At the Centre for Industrial Rheology, we provide comprehensive interfacial characterisation services. For surface tension specifically, we utilise two key methods:
- Drop Shape Analysis, which primarily focuses on measurements after roughly 1 second of surface age.
- Bubble Pressure Tensiometry, which extends this analysis down to surface ages as short as 5 milliseconds onwards
Surface tension is a property that influences things such as how an ink forms a droplet to how a coating wets a surface. A common formulation challenge, however, is that this property is also highly sensitive to temperature. Ensuring surface tension behaves as expected across different temperatures is fundamental and can be the difference between a product that works and one that fails. We can characterise surface tension over a wide temperature range of -10 to 130 °C.
Introduction to Surface Tension
Surface tension is a property of liquids that arises directly from cohesive forces. Inside the bulk of a liquid, a molecule within the liquid is completely surrounded. It’s pulled equally in all directions by its neighbours, so all the forces balance out, and the net force is zero.
A molecule at the air-liquid interface is in a different situation, as it only has molecules beside and below it. Since there are no molecules above it to pull upward, it experiences a strong net inward pull from the molecules within the liquid.

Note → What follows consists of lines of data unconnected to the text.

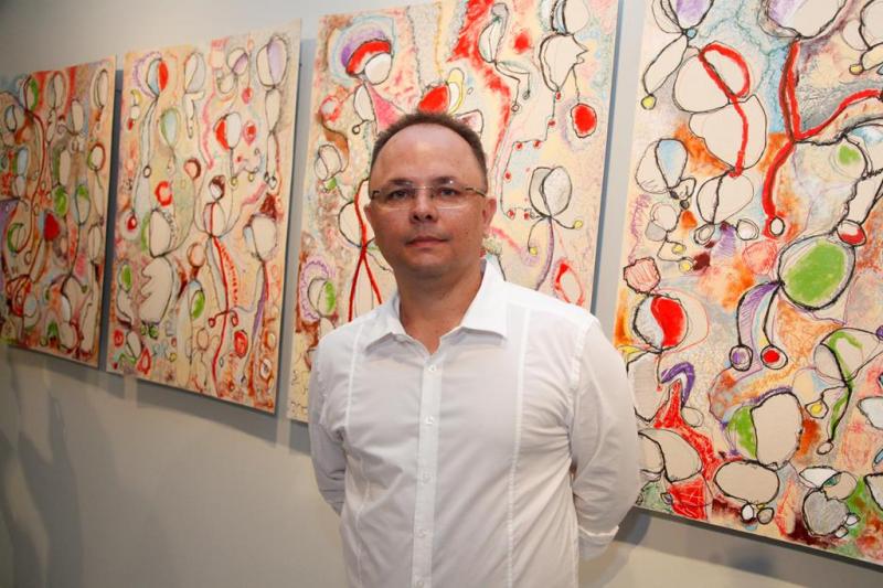 O artista plástico Totonho Laprovitera já estreou em mais uma exposição. Qual? A mostra coletiva ‘Percursos’, que foi aberta ontem, na Galeria Vicente Leite, da Fa7. Totonho exibe, entre seus quadros, o intitulado de ‘Constelações Nordestinas’. ”Formadas pelo conjunto de estrelas celestes, as Constelações chispam no céu do sertão nordestino. Para avistá-las, nem é preciso aprumar muito a vista. À noite, basta espiar pra riba, na escuridão do firmamento mirar os pontos de luz, marcá-los com espinhos de mandacaru, e traçar suas figuras com as linhas da imaginação”, contou o artista. Além dele, também participam da mostra, Expedito Lima, Marcos Oriá, Marcelo Grud, Nelson Bezerra, Stênio Burgos e Thyago Cabral. Aos cliques!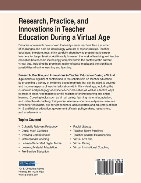 Decades of research have shown that early-career teachers face a number of challenges and hold an increasingly wide set of responsibilities. Teacher educators, therefore, must think carefully about how to prepare early-career teachers for the profession. Additionally, however, the work of teaching and teacher education has become increasingly complex within the context of the current virtual age, including the prominent reality of social media and the significant possibilities of online teaching and learning. Research, Practice, and Innovations in Teacher Education During a Virtual Age makes a significant contribution to the scholarship on teacher education by presenting a variety of evidence-based methods that can be used to develop and improve aspects of teacher education within this virtual age, including the curriculum and pedagogy of online teacher education as well as effective ways to prepare preservice teachers for the realities of online teaching and online learning. Covering topics such as virtual caring, learning material adaptation, and instructional coaching, this premier reference source is a dynamic resource for teacher educators, pre-service teachers, administrators and educators of both K-12 and higher education, government officials, policymakers, researchers, and academicians.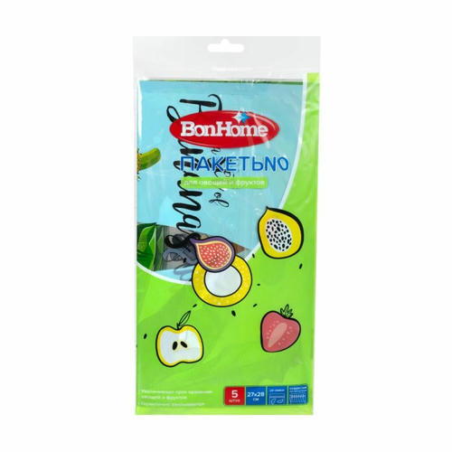 Пакеты для овощей и фруктов, BonHome, 27х28 см, 5 шт., в ассортименте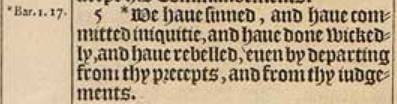 5 *We haue sinned, and haue committed iniquitie, and haue done wickedly, and haue rebelled, euen by departing from thy precepts, and from thy iudgements. [ *Bar.1. 17. ]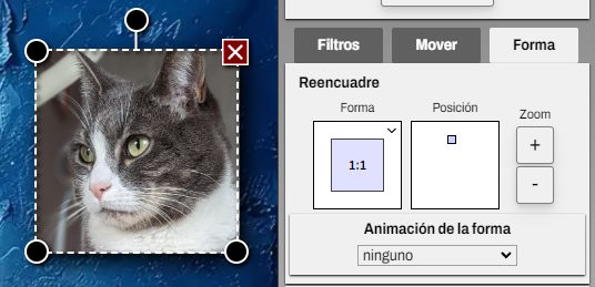 Puedes, por ejemplo, cambiar un elemento a forma cuadrada abriendo el selector bajo la palabra 'Forma' y seleccionando la relación 1:1.

This collective inward pull forces the surface molecules tightly together, creating tension and minimising the liquid’s surface area.
The Influence of Temperature on Surface Tension
Surface tension and temperature share an inverse relationship. As the temperature increases, surface tension decreases. When a liquid is heated, its molecules gain kinetic energy and begin to move more vigorously. This increased kinetic energy directly counteracts the cohesive forces. With molecules in more rapid motion, intermolecular attractions are less effective, which, in turn, weakens the net inward pull experienced by the surface molecules. As a result, the tension at the liquid’s interface is reduced, and the surface tension drops.
How We Measure Surface Tension at Temperature 
We can measure surface tension across a wide temperature range using Bubble Pressure Tensiometry. This method is ideal due to its enclosed sample vessel, which helps to provide a stable thermal environment. In contrast, Drop Shape Analysis, another technique we utilise, features an open design. This lack of containment makes precise temperature control challenging.
Our bubble pressure tensiometer integrates seamlessly with our new high-precision thermal circulator. This powerful circulator provides exceptionally stable temperature management across a wide thermal fluid range of -10 to 130 °C.
This allows us to go far beyond simple ambient conditions to accurately simulate real-world conditions from sub-ambient environments to high-temperature processes.
Figure 2 below shows data collected for two different cooking oils, rapeseed oil and sunflower oil. Data can be captured at surface ages as short as 5ms, relevant for dynamic and fast processes where new interfaces are created rapidly. In cases where such analysis is not necessary, a simple equilibrated surface tension value can also be provided.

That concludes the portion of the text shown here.